Process and Procedure
Create a highly Structured Process to Schema Updates this involves;
- Validation and Justification of the Update – Remember this is a one time procedure affecting the entire Forest.
- What type of change is this (Update, Modification,Depreciation)
- What is the Risk ?
- Ensure if this is a customized update that you obtain a valid of .LDIF files to analyze with complete documentation
- Have complete explanation of the update written and approved
- Have a list of Roles and responsibilities for the Schema Update
- Is this schema update an update that is really required ?
- Is this the only way to effect your change ?
- Check whether base schema already has attributes or objects in it.
- Staging of Schema Changes (Pre-Production Forest to Production Forest). to test this out to ensure there are no problems thoroughly first.
One approach of sever that has worked for myself and colleagues with customers is as follows;
Suggested Schema Update Physical Process
1. Add new DC
2. Allow to replicate
3. Transfer Schema role to new DC
4. Allow to replicate
5. Check its replicated and the fact that this DC holds this role has replicated throughout the Forest
6. Make sure you have a verified backup of at least one Domain Controller per Domain in the Forest prior to the Schema Update.
7. Isolate the new DC (remove network cable) and to ensure it is not replicating due to accidential re-insertion of the cable
Repadmin /options <dcname> <+/-> <DISABLE_INBOUND_REPL/DISABLE_OUTBOUND_REPL
8. Update schema
9. If the Schema update is verified as being OK allow to replicate by reversing the Steps in step 7.
10. Transfer role to old DC and remove new Domain Controller
11. if not OK , destroy DC and remove it from config and DNS (metadata cleanup)
There are other approaches. For example by doing the schema update on the Server that holds the role and not introducing a New Domain Controller into the Forest for just this action. Both ways I have worked with successfully.
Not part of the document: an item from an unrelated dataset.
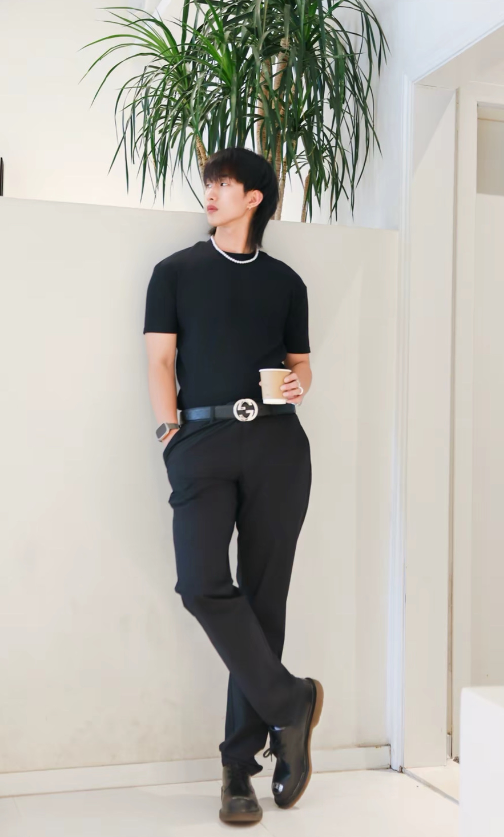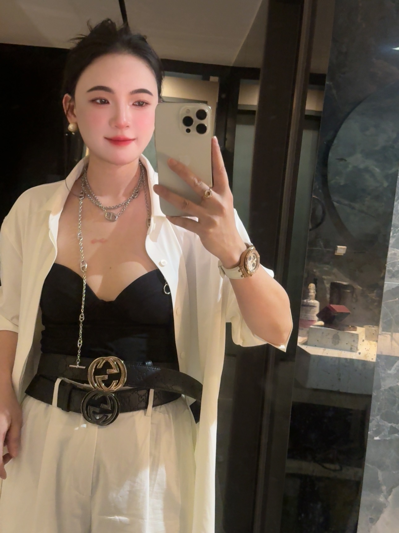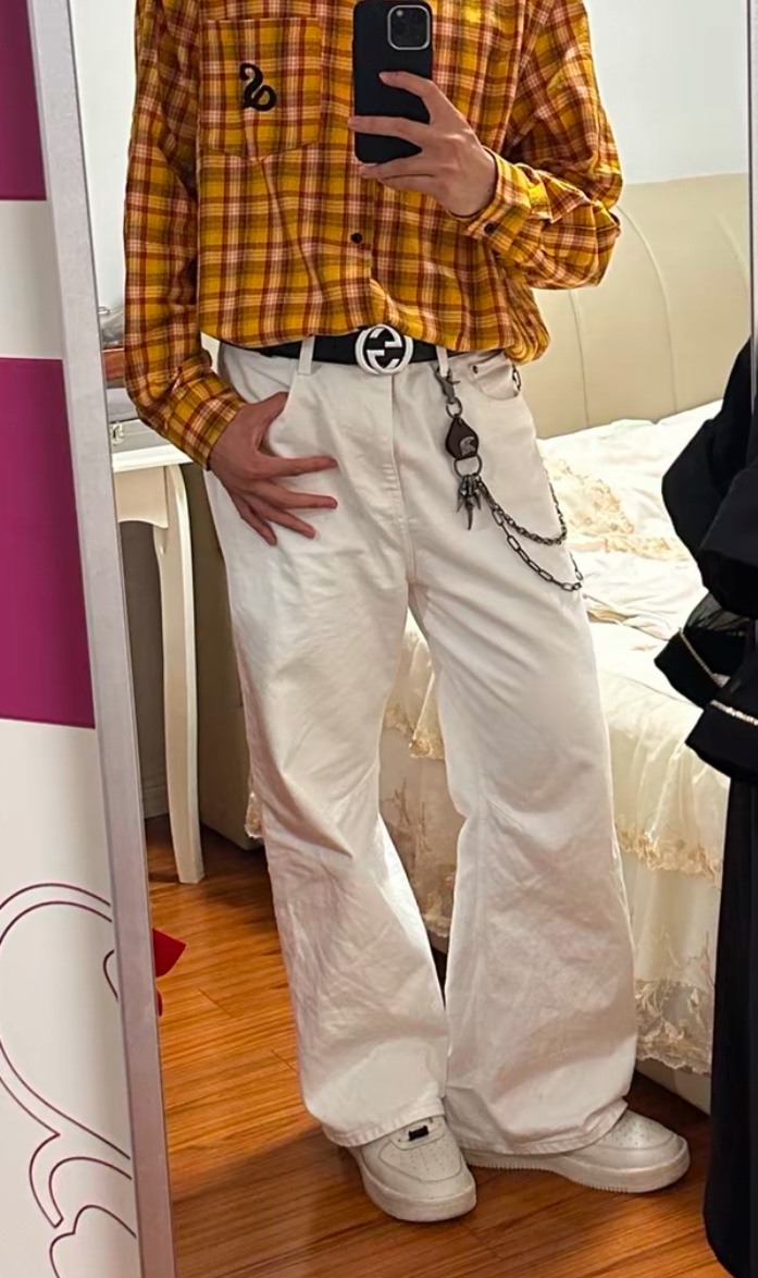 软而不塌的版型,裹在西装腰头不会皱成一团,系在毛衣外面也能撑得起轮廓,连裤装的松弛感都能被它“拎”出精致度~ 重点夸这两个扣头!

The key to the success of a Schema Update is to ensure you THOROUGHLY test it prior to deployment in a pre-production environment. Plus also ensure the update is well written and checked prior to deployment on the Domain Controllers.
I recommend watching the WebCast on this subject see below for link. Also the picture below is a screenshot from the verification process MSIT go through prior to applying a Schema Update to our Live Environment.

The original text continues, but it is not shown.